Task requirements >> Apart from pictures, transcribe exactly each line from the one containing "Alizidiwa na hisia" through the final line of the listing below.
==== Recorded information
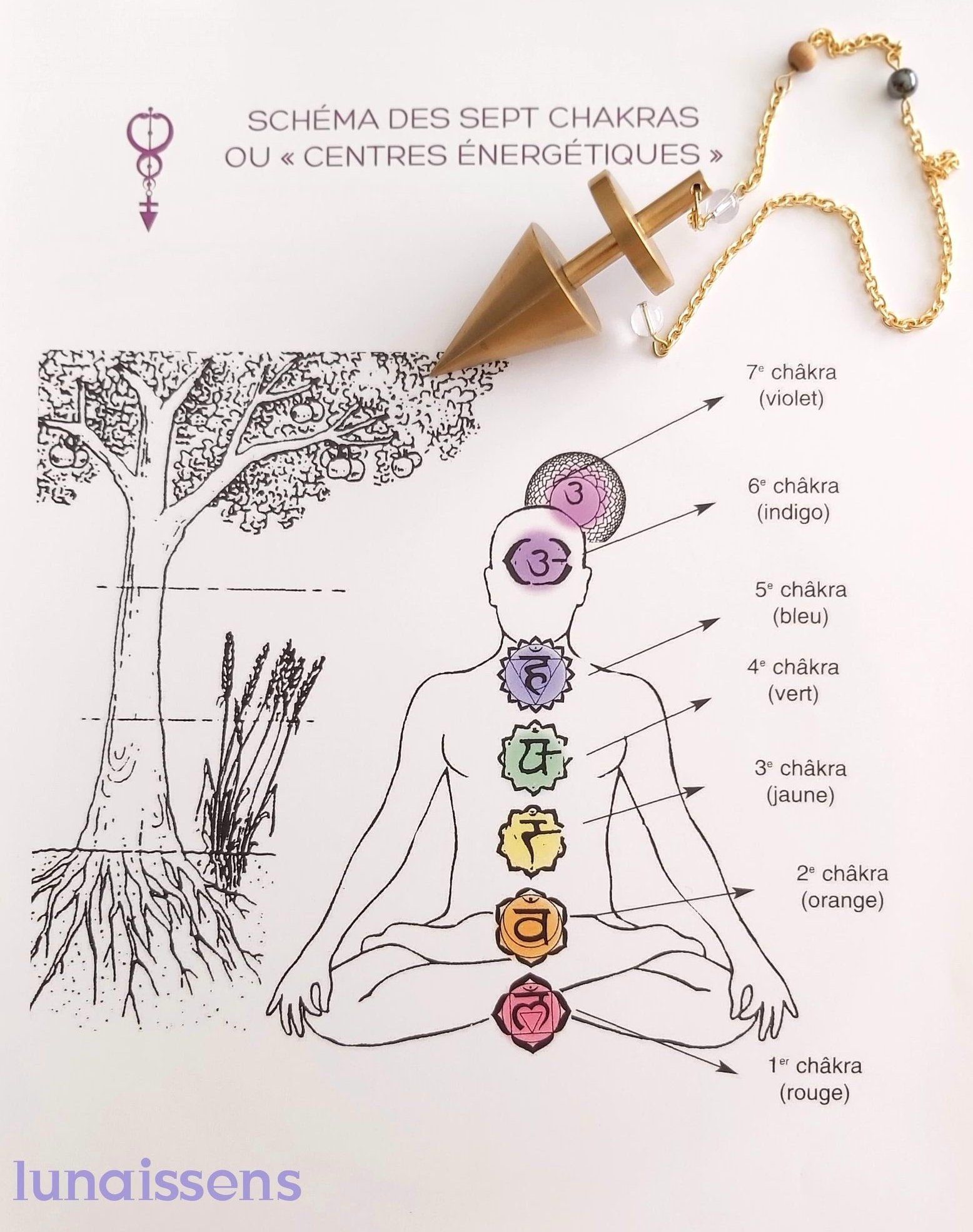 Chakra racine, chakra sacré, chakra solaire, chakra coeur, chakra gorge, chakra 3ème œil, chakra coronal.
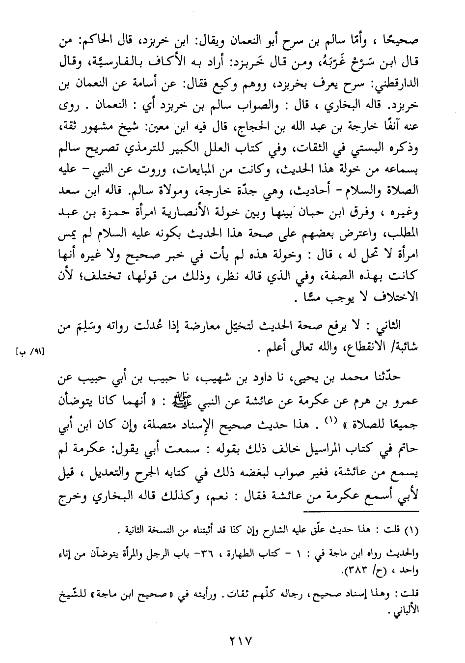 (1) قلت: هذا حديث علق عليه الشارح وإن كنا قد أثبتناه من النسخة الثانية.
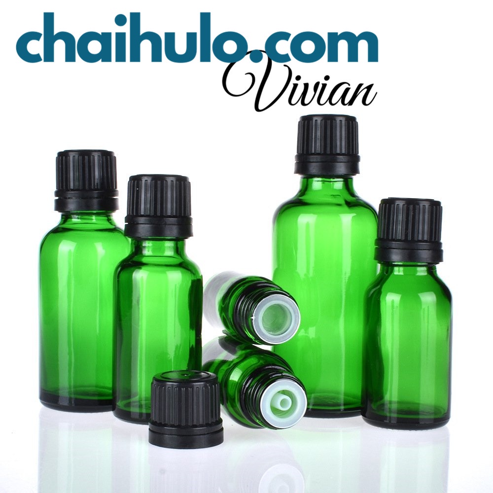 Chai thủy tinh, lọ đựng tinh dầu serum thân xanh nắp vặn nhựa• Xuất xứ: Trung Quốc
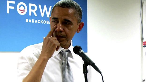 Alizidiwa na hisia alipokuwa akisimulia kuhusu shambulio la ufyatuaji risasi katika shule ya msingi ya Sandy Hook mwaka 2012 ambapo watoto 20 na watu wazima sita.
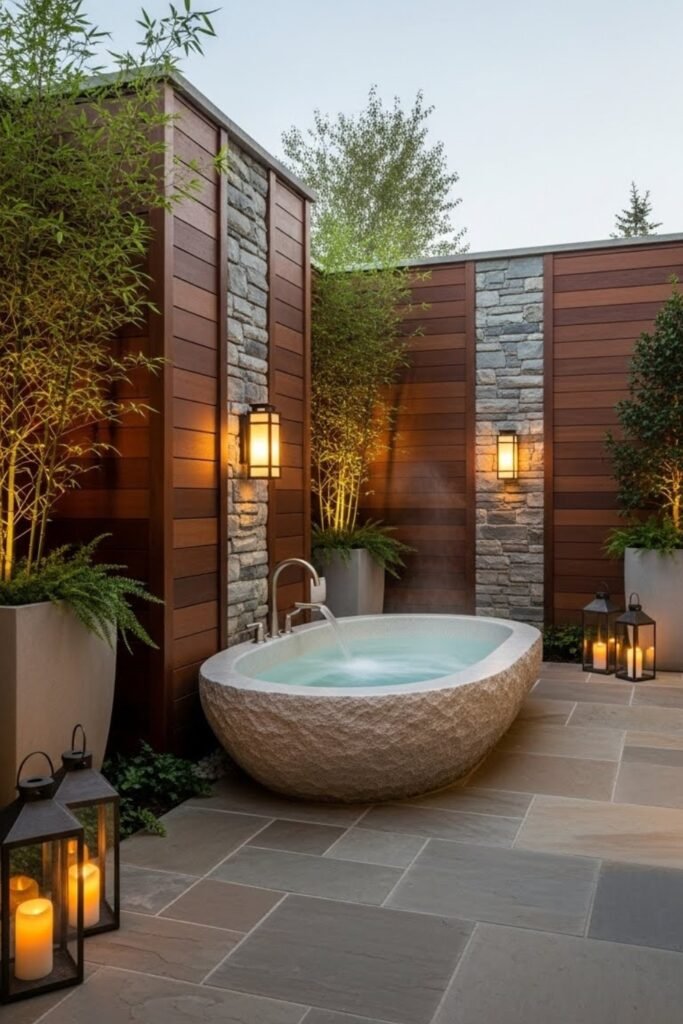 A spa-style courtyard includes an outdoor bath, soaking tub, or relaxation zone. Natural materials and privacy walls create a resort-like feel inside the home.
========
Answer box >>
 Alizidiwa na hisia alipokuwa akisimulia kuhusu shambulio la ufyatuaji risasi katika shule ya msingi ya Sandy Hook mwaka 2012 ambapo watoto 20 na watu wazima sita.
 A spa-style courtyard includes an outdoor bath, soaking tub, or relaxation zone. Natural materials and privacy walls create a resort-like feel inside the home.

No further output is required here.